To do this, I'm currently creating a borderless, transparent window with TopMost set to "true", and drawing the labels on that. This means there is always a window hovering in front of the current application, on which I can draw the labels.

The problem is, this window doesn't cover the right-click menu - only other windows. When the user right-clicks, the context menu is drawn above the overlay.

I need to be able to label elements in the right-click menu, but I can't draw on top of it with the current implementation. Does anybody know of a solution?

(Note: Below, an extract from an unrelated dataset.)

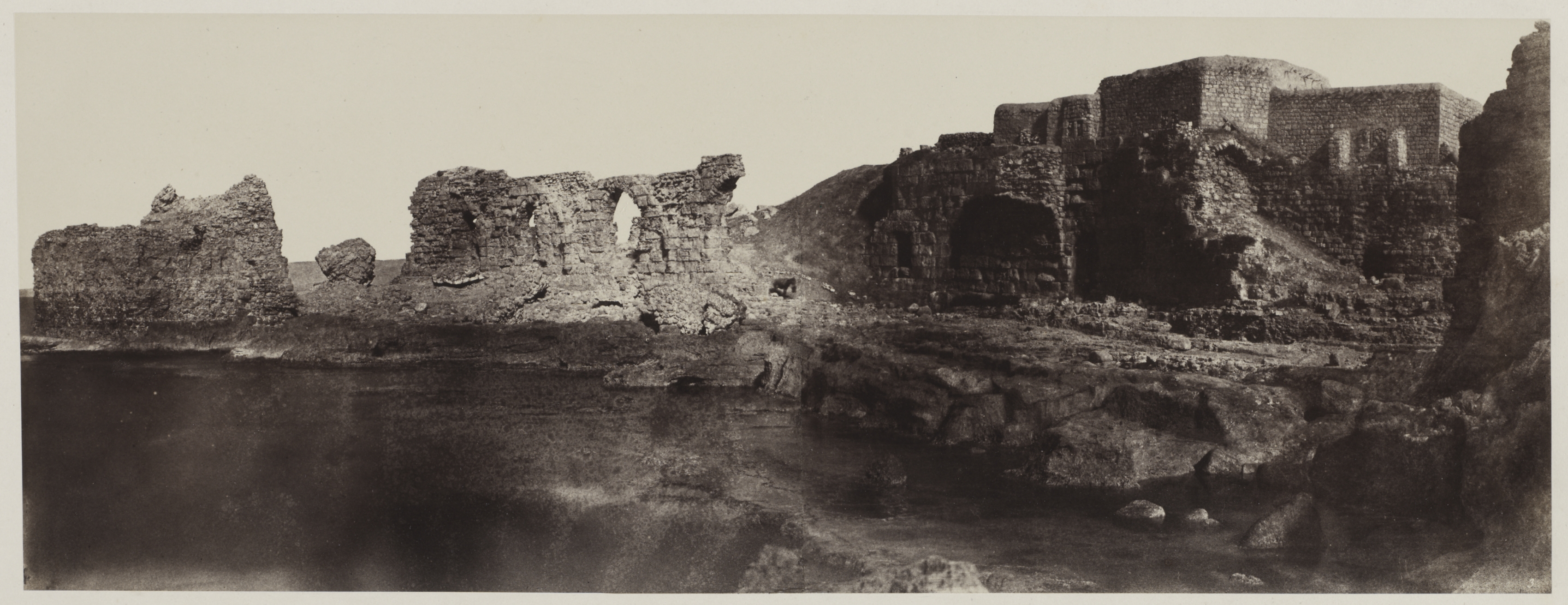 Black and white photograph of ruins next to body of water. The ruins are made of stone and have crumbling walls and archways. Some walls are missing sections. The walls are on a rocky coastline. The water is dark and appears calm. The sky is light-colored and featureless. The photograph is in a landscape orientation.

Edit: This is the relevant code for drawing the overlay. I've set the form options in the form designer, not in the code explicity, so I'm not sure how much it will help. I've removed the code not related to drawing, or the form itself:

public partial class OverlayForm : Form
{
    public OverlayForm()
    {

    }

    protected override void OnPaint(PaintEventArgs eventArgs)
    {
        base.OnPaint(eventArgs);
        Graphics graphics = eventArgs.Graphics;
        Brush brush = new SolidBrush(this.labelColor);
        foreach (ClickableElement element in this.elements)
        {
            Region currentRegion = element.region;
            graphics.FillRegion(brush, currentRegion);
        }
    }    
}

Solution

  • I've found a bit of a hack solution.

    By periodically bringing the overlay window to the front, I can bring it to the top of the Z-order where it covers the right-click menu. It's not perfect, but it does work. This is the core concept, with multithreading stripped out:

    public class OverlayManager
    {
        OverlayForm overlay;
    
        public OverlayManager() 
        {
            this.overlay = new OverlayForm();
            this.overlay.Show();
            this.RepeatedlyBringToFront();
        }
    
        private void RepeatedlyBringToFront()
        {
            while (true)
            {
                this.overlay.BringToFront();
                Thread.Sleep(50);
            }
        }
    }
    

    (This assumes "OverlayForm" is a form with the relevant flags set in the form designer - i.e. "Always on Top," "Transparency Key," "Borderless," "Maximised," etc.)

    I've only tested this on Windows 8.1. I don't know if the Z-order behaves this way on other versions.